About Celadon Pharmaceuticals Plc
Celadon Pharmaceuticals Plc (the "Company") and
its subsidiaries (together "the Group") are a UK based
pharmaceutical group with a primary focus on growing indoor
hydroponic high-quality cannabis initially for use within the
chronic pain market.
The Company is a public limited company
incorporated in England and Wales and domiciled in the United
Kingdom (company number: 11545912). It is a public company listed
on the AIM market of the London Stock Exchange. The registered
address is 32-33 Cowcross Street, London, EC1M 6DF.
2.
Basis of preparation
These interim Condensed Consolidated Financial
Statements and accompanying notes have neither been audited nor
reviewed by the auditor, do not constitute statutory accounts
within the meaning of Section 434 of the Companies Act 2006 and do
not include all the information and disclosures required in annual
statutory financial statements. They should be read in conjunction
with the Group's Annual Report and Accounts for the year ended 31
December 2023 which are available on the Group's website. Those
statutory accounts were approved by the Board of Directors on 13
May 2024 and have been filed with Companies House. The report of
the auditors in those accounts was unqualified and also did
not contain a statement under section 498(2) or (3) of the
Act.
The interim financial information has been prepared
under the historical cost convention except for certain items that
are shown at fair value as disclosed in the accounting
policies.
The financial statements are presented in Sterling
which is the functional currency of the group and all values are
rounded to the nearest Pound Sterling Thousand (£000s).
The accounting policies applied by the Group in these
interim condensed consolidated financial statements are the same as
those applied by the Group in the audited consolidated financial
statements for the year ended 31 December 2023 and those which will
form the basis of the 2024 Annual Report.
These interim Condensed Consolidated Financial
Statements were approved by the Board of Directors on 27 September
2024.
a.
Basis of consolidation
The interim condensed consolidated financial
statements incorporate the financial statements of the Company and
entities controlled by the Company (its subsidiary
undertakings). Where necessary, adjustments are made to the
financial statements of the subsidiaries to bring their accounting
policies in line with those of the Group. All intra-Group
transactions, balances, income and expenses are eliminated on
consolidation.
Subsidiaries are entities controlled by the Group.
The Group "controls" an entity when it is exposed to, or has rights
to, variable returns from its involvement with the entity and has
the ability to affect those returns through its power over the
entity. The financial statements of subsidiaries are included in
the consolidated financial statements from the date on which
control commences until the date on which control ceases.

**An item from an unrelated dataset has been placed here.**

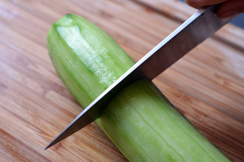 Roughly chop up the rest of the cucumber. Again, if you’ve got a wimpy blender, hack the pieces smaller.
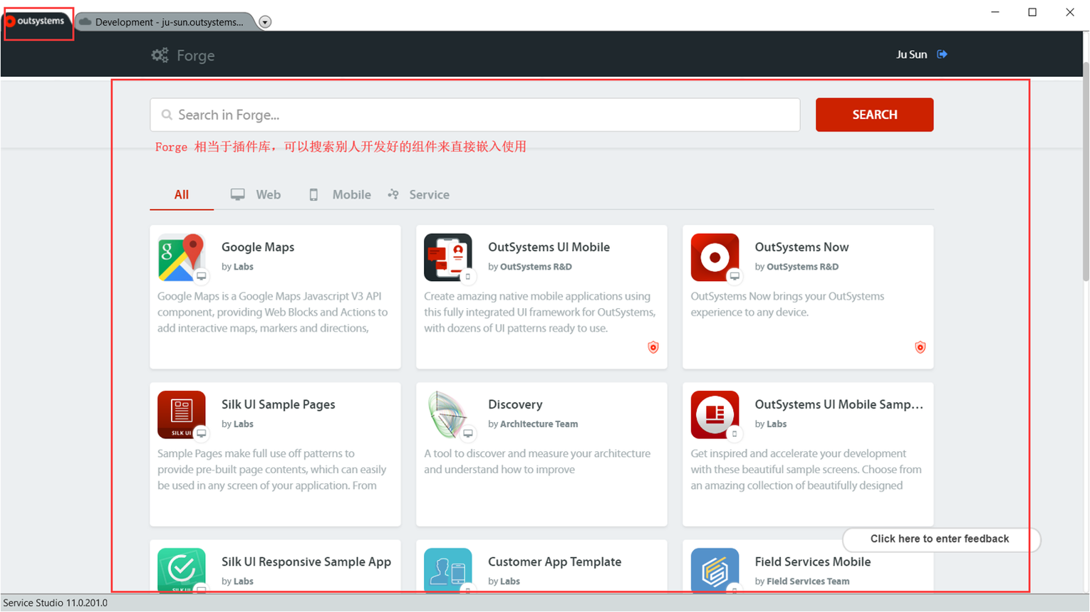 官网上也可以找到forge和community来帮助你使用outsystems进行工作。forge是一个类似于market的东西,在上面可以下载开源组件让你加快开发速度。community是一个社区,你可以和别人交换tips、讨论话题、问问题。

Non-controlling interests are measured initially at
their proportionate share of the acquiree's identifiable net assets
at the date of acquisition.
The Group was formed when the Company acquired the
shares of Celadon Property Co Limited in March 2022. This
transaction was accounted for as a reverse takeover. For
further detail of this transaction, and the accounting for it,
please see the financial statements for the year ended 31 December
2022.
b.
Going concern
These interim condensed consolidated financial
statements have been prepared on a going concern basis, which
assumes that the Group will continue in operational existence for
the foreseeable future.
The Group currently consumes cash resources and will
continue to do so as it completes the construction of its growing
facilities and until sales revenues are sufficiently high enough to
generate net cash inflows and cover ongoing operating costs.
In assessing whether the going concern assumption is
appropriate, the Directors have taken into account all relevant
information about the current and future position of the Group and
including the current level of resources.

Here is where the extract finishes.